RECORDS SHOWN below:

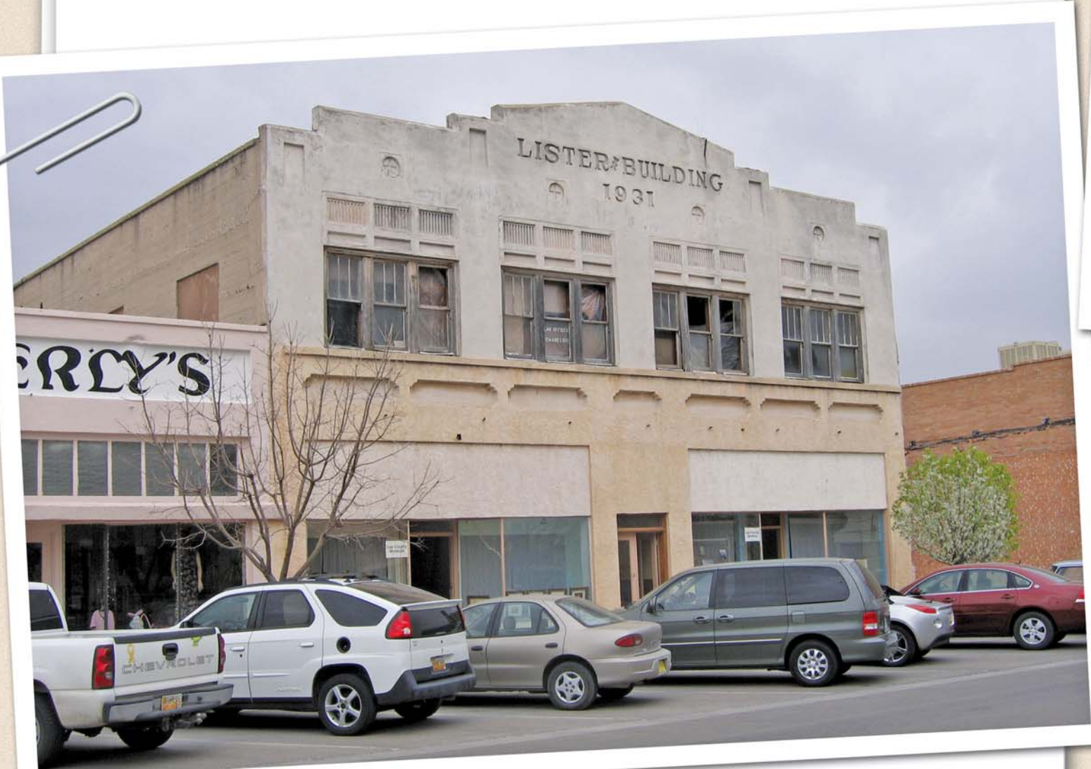
Built in 1931, the Lister Building in Lovington, NM, features a decorative façade that includes parapet walls ranging from 3 to 7 ft high.

floor will serve as the Lea County Athletic Hall of Fame and also house an oil and gas exhibit and a town meeting hall. The upstairs will house exhibits reflecting the history of Lea County, including '30s and '40s law offices.
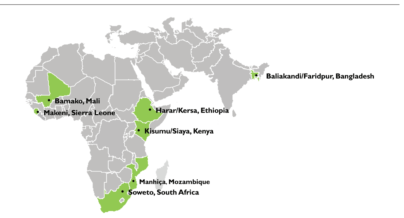
Figure 3. Map of Child Health and Mortality Prevention Surveillance sites. Abbreviation: CHAMPS, Child Health and Mortality Prevention Surveillance.

To monitor demographic trends and calculate mortality rates, most sites conduct surveillance within a health and demographic surveillance system (HDSS). An HDSS
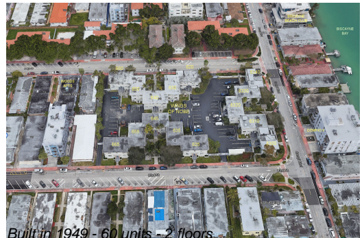
Built in 1949 - 60 units - 2 floors
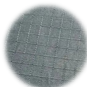
RIP-STOP SHELL FABRIC
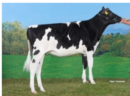
DG JK SIMMY
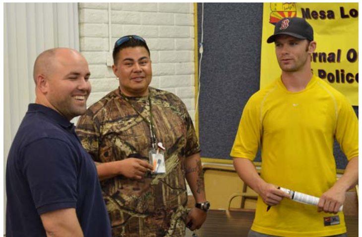
Meeting new and prospective members.
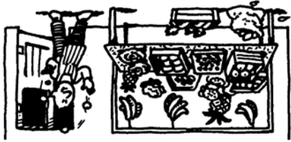
THE GREEDY GREENGROCER
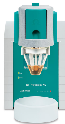
Figure 1. 884 Professional VA manual for MME.

Add 10 mL acetic acid sample and then 2 mL ultrapure water into the measuring vessel. Carry out the determination of iodide using the 884 Professional VA (Figure 1) and the parameters specified in Table 1. The concentration is determined by two additions of iodide standard addition solution.
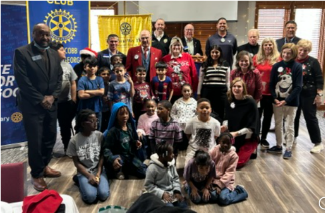
South Cobb Rotary Christmas

Happy New Year! We are now at the halfway point in the Rotary Year. I hope everyone had a safe and happy holiday season and had a chance to spend quality time with friends and family. I know some of you saw the holiday video message on our district web site. I think the holiday season is a great time to recharge and reflect on what you plan to accomplish in the upcoming year. Along those lines, I hope you all are as excited about the second half of the year as you are the first and that we all plan to complete 25-26 strong.
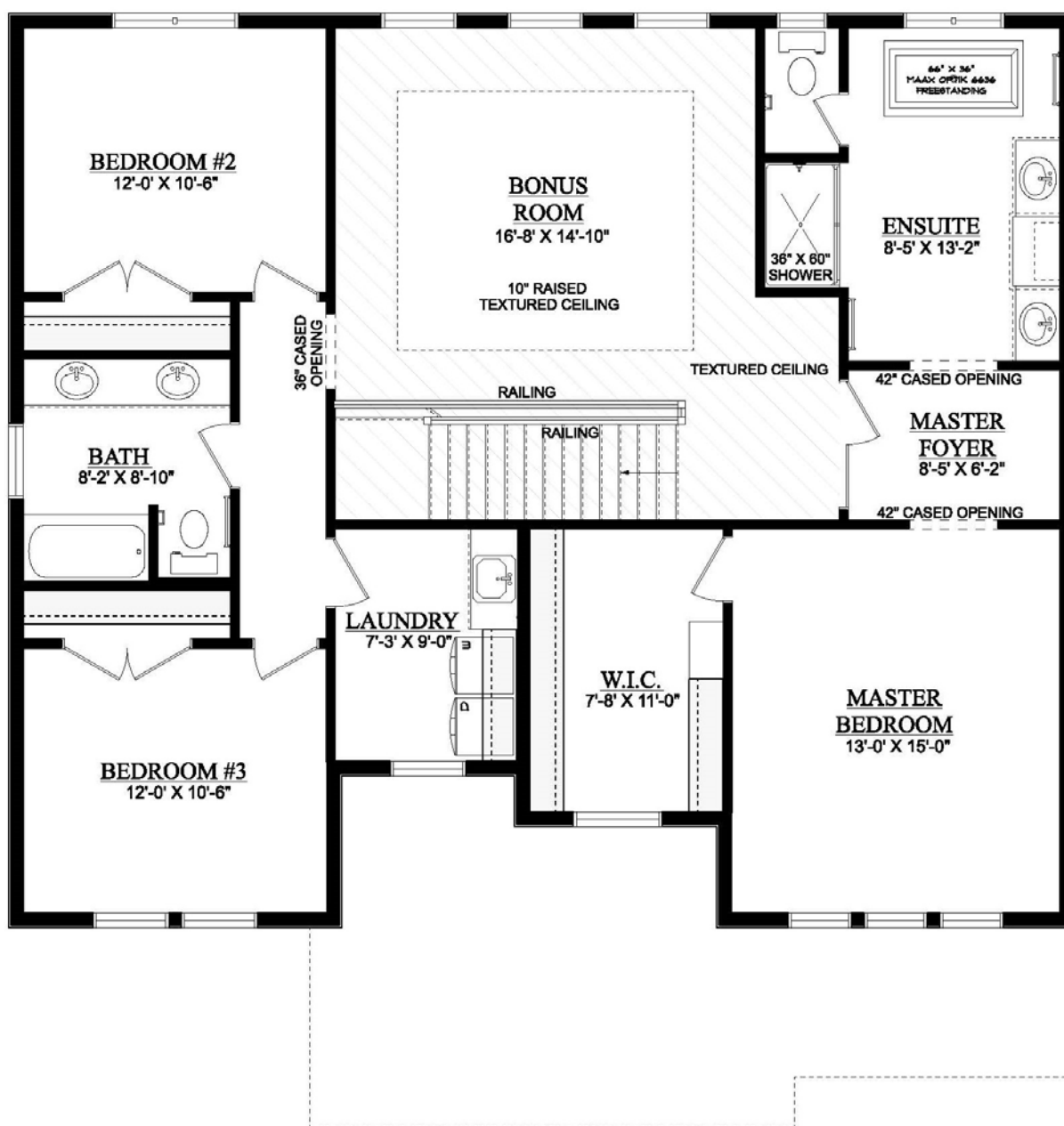
Upper Floor 1,438 Sq Ft

2,432 Sq Ft | 3 Bedrooms | 2.5 Bathrooms

End of RECORDS SHOWN.

= WHAT THE EXERCISE ASKS =
In the listing above, find the line with "RIP-STOP SHELL FABRIC" and the line with "South Cobb Rotary Christmas". Output both, plus every line between them, and no pictures.

= RESPONSE TO THE TASK =
RIP-STOP SHELL FABRIC
DG JK SIMMY
Meeting new and prospective members.
THE GREEDY GREENGROCER
Figure 1. 884 Professional VA manual for MME.

Add 10 mL acetic acid sample and then 2 mL ultrapure water into the measuring vessel. Carry out the determination of iodide using the 884 Professional VA (Figure 1) and the parameters specified in Table 1. The concentration is determined by two additions of iodide standard addition solution.
South Cobb Rotary Christmas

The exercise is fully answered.